During a corruption trial former NYPD narcotics detective Stephen Anderson testified that he and other members of his division regularly planted drugs on innocent people in order to keep up with department arrest quotas.

For years, members of the Black community have claimed that many undercover drug agents were up to no good, and now shocking testimony from New York’s Finest validates those claims of corruption.
During a corruption trial Wednesday former New York City narcotics detective Stephen Anderson testified that he and other members of the Brooklyn South and Queens narcotic squads regularly planted drugs on innocent people in order to keep up with department arrest quotas.
Anderson was participating in the trial of Brooklyn detective Jason Arbeeny and was called to show that the practice of planting drugs, known as “flaking,” was commonplace among the narcotics detectives. Anderson, who was accused of planting cocaine on four men in a bar in 2008, was participating as part of an agreement made with prosecutors.

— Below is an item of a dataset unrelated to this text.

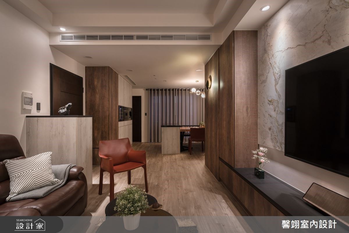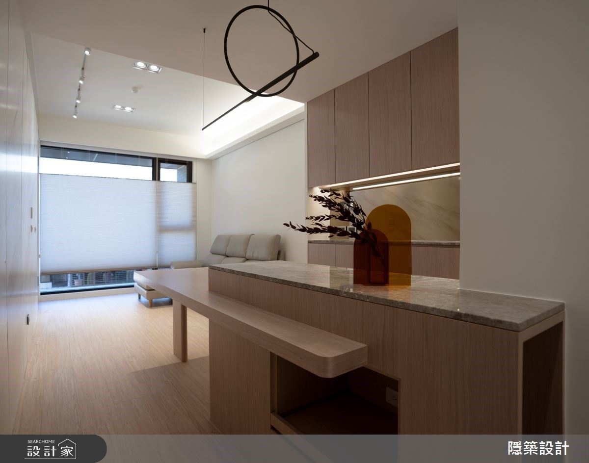 沐果設計為一家三口規劃井然有序又不失優雅的居家空間,相互交錯的線條凸顯現代風落落大方的精神。走入屋內利用鏡面反射創造視覺延伸效果,巧妙的隱藏通道的狹窄。來到客廳視線忍不住被沙發後牆石紋所吸引,隨興的線條宛如自由不受拘束的靈魂;刻意選用暖色調深色布質沙發,完美平衡現代風不經意的冷冽感。廳區落地窗掛上浪漫白色透光窗簾,陽光灑落的輕盈為室內注入通透明亮。

"As a detective, you still have a number to reach while you are in the narcotics division," he said according to the New York Daily News.
Advocacy groups called the practice a result of the country’s skewed objectives that stem from the war on drugs.

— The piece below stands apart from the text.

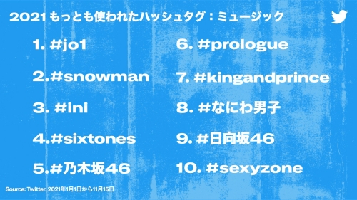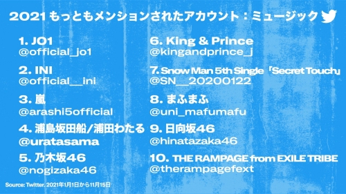 さらに、「2021年最もメンションされたアカウント」「2021年最も使われたハッシュタグ」(ミュージック編)でも首位を獲得。人気と影響力の高さを証明している。

"One of the consequences of the war on drugs is that police officers are pressured to make large numbers of arrests, and it's easy for some of the less honest cops to plant evidence on innocent people," said Gabriel Sayegh of the Drug Policy Alliance, an organization dedicated to promoting human rights based alternatives to the drug war.
"The drug war inevitably leads to crooked policing — and quotas further incentivize such practices,” he said.

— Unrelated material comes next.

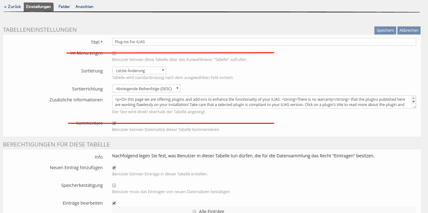 Further, the properties 'Visible' and 'Comments enabled' will move from the table settings to this GUI (see Screenshot 'Sichtbar' and 'Kommentare')

The group also reports that the NYPD has arrested more than 50,000 people last year for low-level marijuana offenses — 86% of whom are black and Latino — making marijuana possession the number-one offense in the City.
When asked by the judge whether he took the time to think about the repercussions of his actions, Anderson said, “It was something I was seeing a lot of, whether it was from supervisors or undercovers and even investigators.”
"It's almost like you have no emotion with it, that they attach the bodies to it, they're going to be out of jail tomorrow anyway; nothing is going to happen to them anyway,” he said.
Two men who were framed by Anderson and his partner were paid $300,000 in a settlement with the city after surveillance taped showed the officer’s misconduct.